US 12,147,771 B2
Topical vector-quantized variational autoencoders for extractive summarization of video transcripts
Sangwoo Cho, Sammamish, WA (US); Franck Dernoncourt, San Jose, CA (US); Timothy Jeewun Ganter, Woodinville, WA (US); Trung Huu Bui, San Jose, CA (US); Nedim Lipka, Campbell, CA (US); Varun Manjunatha, Newton, MA (US); Walter Chang, San Jose, CA (US); Hailin Jin, San Jose, CA (US); and Jonathan Brandt, Santa Cruz, CA (US)
Assigned to ADOBE INC., San Jose, CA (US)
Filed by ADOBE INC., San Jose, CA (US)
Filed on Jun. 29, 2021, as Appl. No. 17/361,878.
Prior Publication US 2022/0414338 A1, Dec. 29, 2022
Int. Cl. G06F 40/35 (2020.01); G06F 40/279 (2020.01)
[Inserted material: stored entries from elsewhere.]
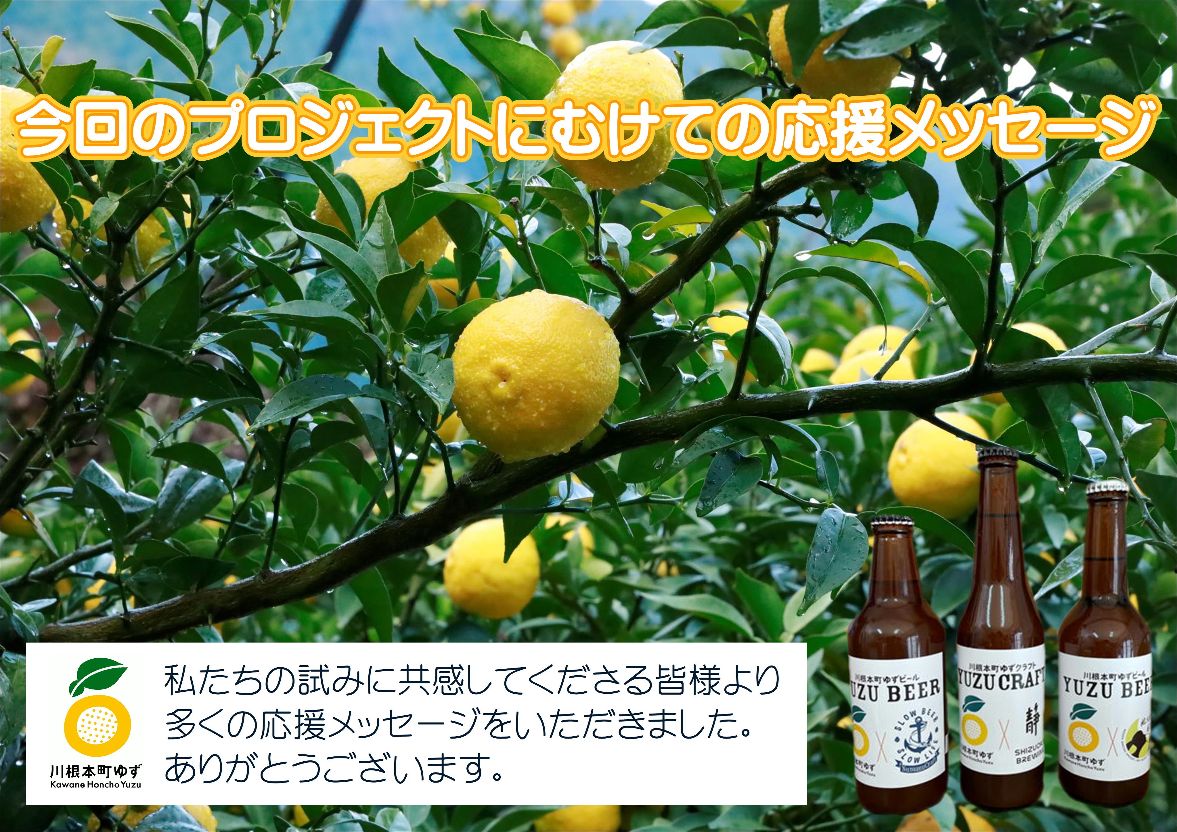 [川根本町 町長 薗田 靖邦さまより]「ゆずビール」の商品開発や販路拡大への取組が、ゆずの生産はもとより茶業や観光業を含めた地域産業への波及効果や、町の認知度向上、ひいては持続可能なまちづくりへとつながるものと考えており、当町も本プロジェクトを応援します。
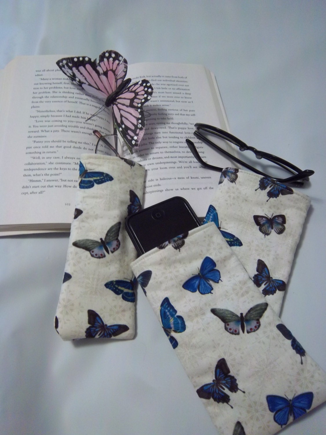 BLUE BUTTERFLIES on Affordable Washable Quilted cotton Eyeglass cases, iPhone case, reading glasses case
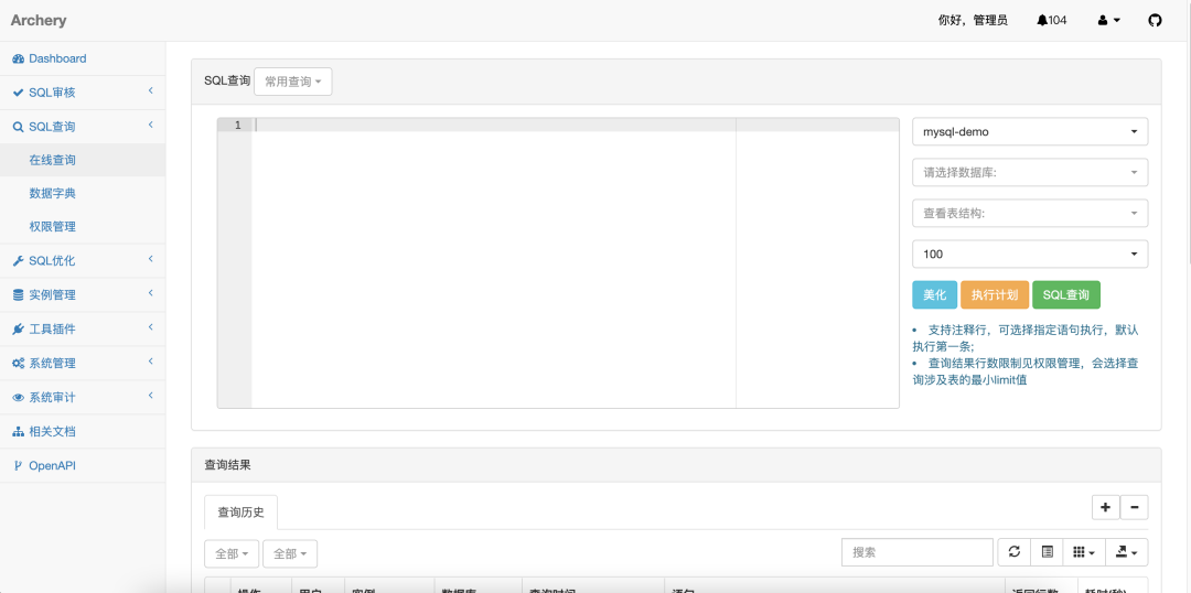 Archery 是一个开源的 SQL 审核查询平台,主要用于简化和自动化 SQL 相关的审批、执行、查询及优化过程。它支持多种数据库类型,提供多种 SQL 审核与优化工具,帮助团队提高数据库操作的效率和安全性。平台集成了自动审批、权限管理、脱敏查询等功能,能够有效降低人为错误并加速 SQL 工单的处理流程。
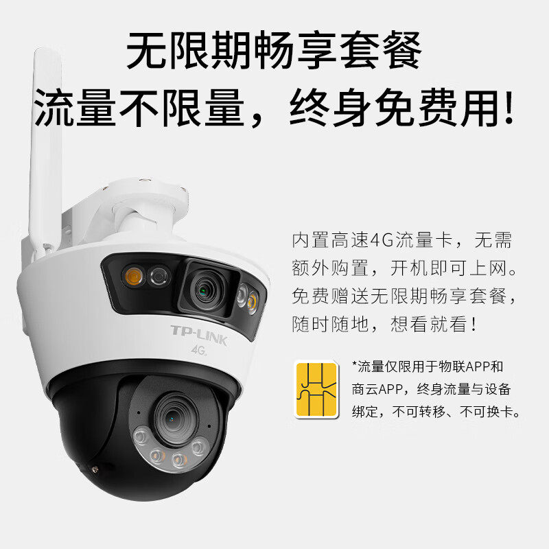普联TP-LINK摄像头内置无限4G终身免费流量双摄联动600万高清全彩家用监控器手机远程360度室外防水摄影头
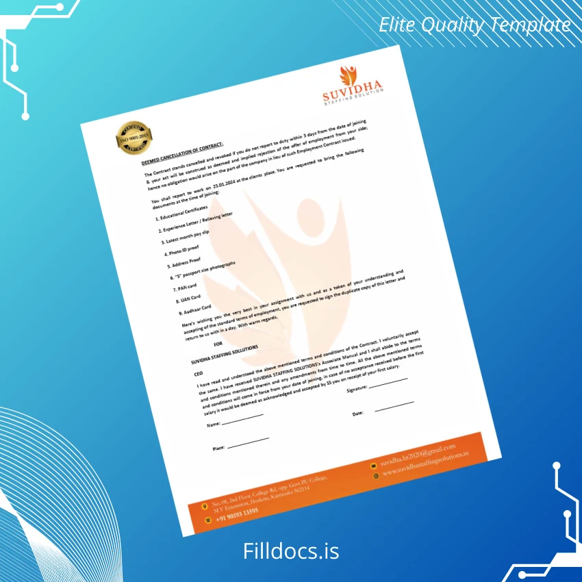 Ensure your employment details are clearly and professionally presented with the India Suvidha Employment Verification Letter Template available in editable Word and PDF formats. This fillable template offers a seamless solution for HR professionals and employees alike who need an efficient way to generate accurate proof of employment documents without the hassle of starting from scratch.
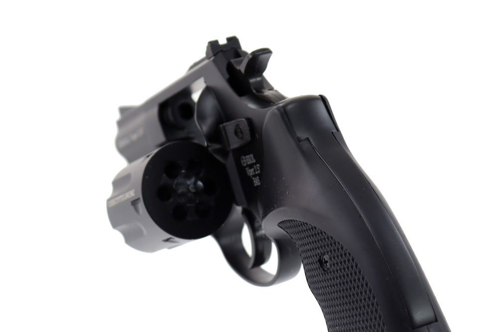 Okładziny rękojeści wykonane z wytrzymałego tworzywa ABS zostały zaprojektowane ergonomicznie, zapewniając wygodne i pewne trzymanie rewolweru.
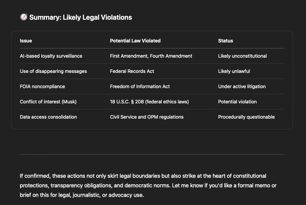 Asking ChatGPT-4o: Please analyze the article “Exclusive: Musk's DOGE using AI to snoop on U.S. federal workers, sources say” and tell me whether any of this is likely to be unlawful or unconstitutional.
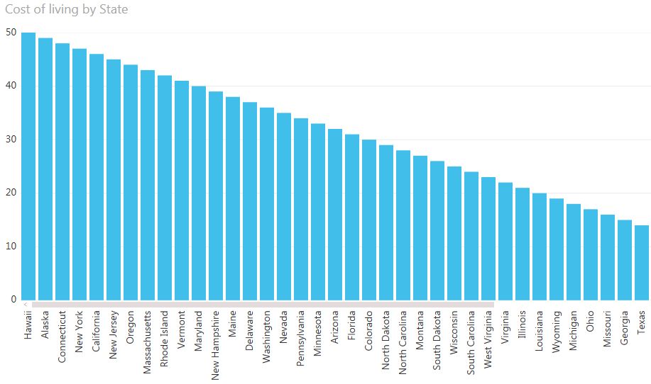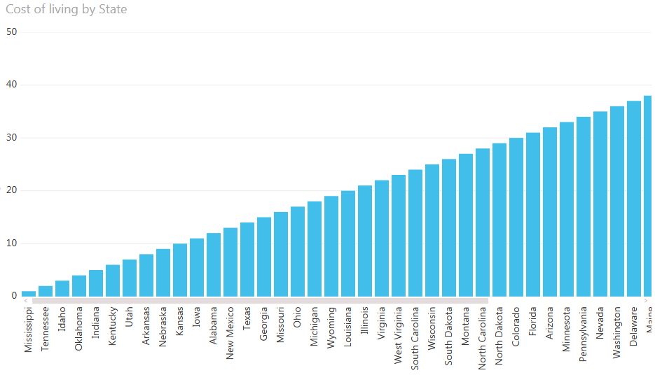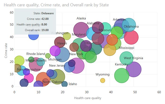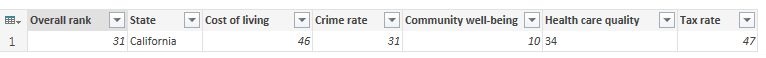Now if we click on any of the rows from the NewColumn list we will find all the information about that state at a single place including State Name, State Code, Health Care Quality Crime Rate, Overall Rank, Cost of Living, Tax Rate and Community well-being.

CPC G06F 40/35 (2020.01) [G06F 40/279 (2020.01)] 20 Claims
OG exemplary drawing
 
1. A method comprising:
receiving text including an utterance;
generating a semantic embedding of the utterance using an embedding network;
generating a plurality of feature vectors based on the semantic embedding using a convolution network;
identifying a first plurality of latent codes respectively corresponding to the plurality of feature vectors by identifying a closest latent code from a second plurality of latent codes of a codebook to each corresponding feature vector of the plurality of feature vectors, wherein the second plurality of latent codes of the codebook discretizes a semantic space based on a number of dimensions of the semantic space, and wherein the closest latent code is identified by computing a similarity between the closest latent code and the corresponding feature vector;
identifying a prominent code among the first plurality of latent codes; and
generating an indication that the utterance is a summary utterance based on the prominent code.